Department of Computer Science, University of Toronto, Toronto M5S 3G4, Canada.
Neural Comput. 2010 Jun;22(6):1473-92. doi: 10.1162/neco.2010.01-09-953.
To allow the hidden units of a restricted Boltzmann machine to model the transformation between two successive images, Memisevic and Hinton (2007) introduced three-way multiplicative interactions that use the intensity of a pixel in the first image as a multiplicative gain on a learned, symmetric weight between a pixel in the second image and a hidden unit. This creates cubically many parameters, which form a three-dimensional interaction tensor. We describe a low-rank approximation to this interaction tensor that uses a sum of factors, each of which is a three-way outer product. This approximation allows efficient learning of transformations between larger image patches. Since each factor can be viewed as an image filter, the model as a whole learns optimal filter pairs for efficiently representing transformations. We demonstrate the learning of optimal filter pairs from various synthetic and real image sequences. We also show how learning about image transformations allows the model to perform a simple visual analogy task, and we show how a completely unsupervised network trained on transformations perceives multiple motions of transparent dot patterns in the same way as humans.
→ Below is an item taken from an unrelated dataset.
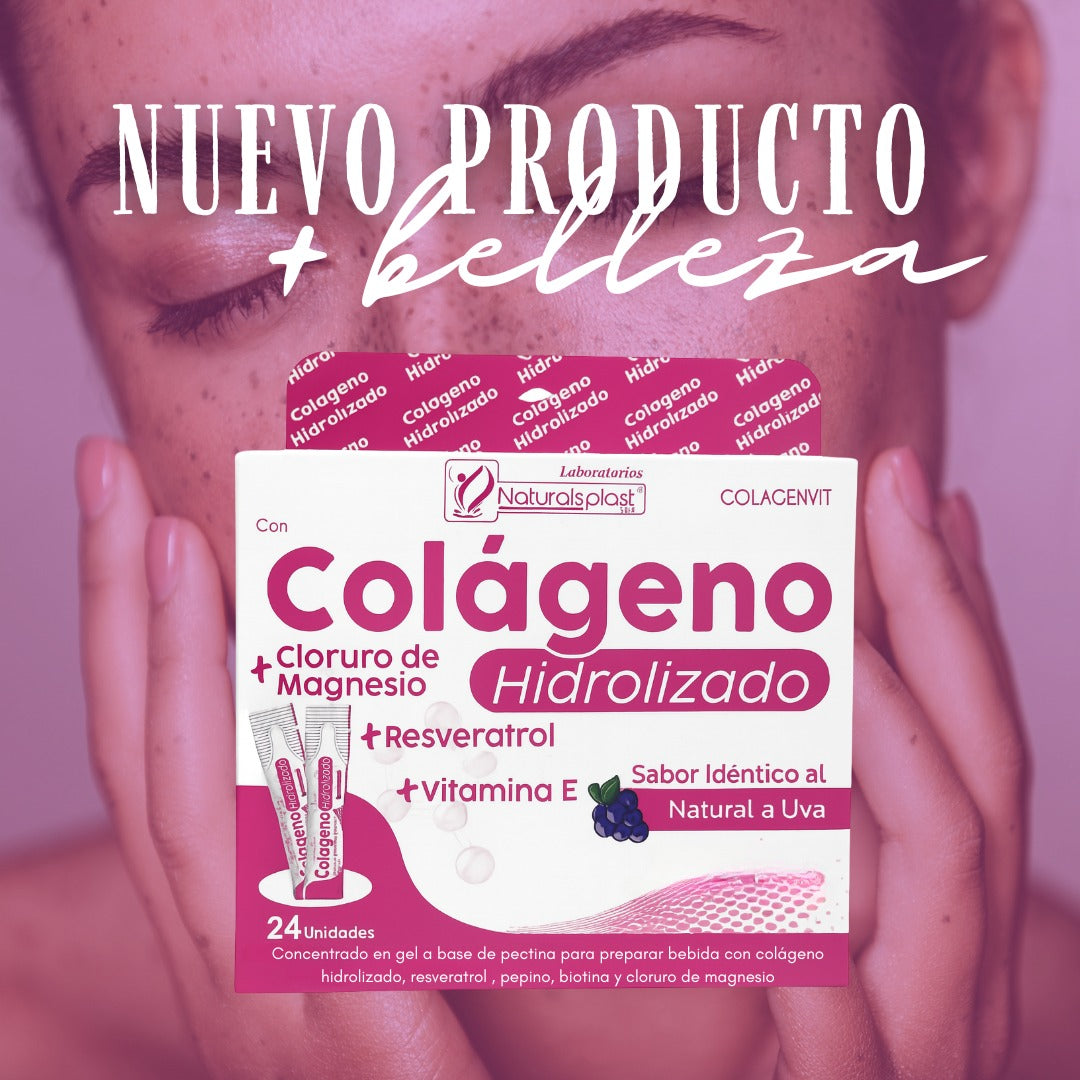 COLAGENVIT – Colágeno Hidrolizado en Gel (24 sachets)Sabor natural a uva Suplemento funcional formulado con colágeno hidrolizado, cloruro de magnesio, resveratrol y vitamina E. Ayuda a fortalecer articulaciones, mejorar la elasticidad de la piel, y mantener el cabello y uñas saludables. Además, combate el envejecimiento celular gracias a su acción antioxidante. Libre de gluten, soya, edulcorantes y alérgenos comunes. Presentación en prácticos sachets de 10 ml listos para disolver en agua. Ideal para: Cuidado de piel, cabello y uñas Salud articular y muscular Prevención del envejecimiento prematuro Contenido: 24 unidades x 10 mlRegistro INVIMA: RSA-0008686-2019

为了让受限玻尔兹曼机的隐藏单元能够模拟两幅连续图像之间的变换,Memisevic 和 Hinton(2007 年)引入了三向乘法交互作用,该作用使用第一幅图像中某个像素的强度作为第二幅图像中某个像素与隐藏单元之间的已学习对称权重的乘法增益。这会产生三次方数量的参数,这些参数构成了三维交互张量。我们描述了这种交互张量的低秩逼近方法,该方法使用因子之和,每个因子都是三向外积。这种逼近方法允许在更大的图像块之间进行高效的变换学习。由于每个因子都可以看作是图像滤波器,因此整个模型学习最佳滤波器对以有效表示变换。我们展示了从各种合成和真实图像序列中学习最佳滤波器对的方法。我们还展示了学习图像变换如何使模型能够执行简单的视觉类比任务,并且我们展示了在变换上进行完全无监督训练的网络如何以与人类相同的方式感知透明点模式的多种运动。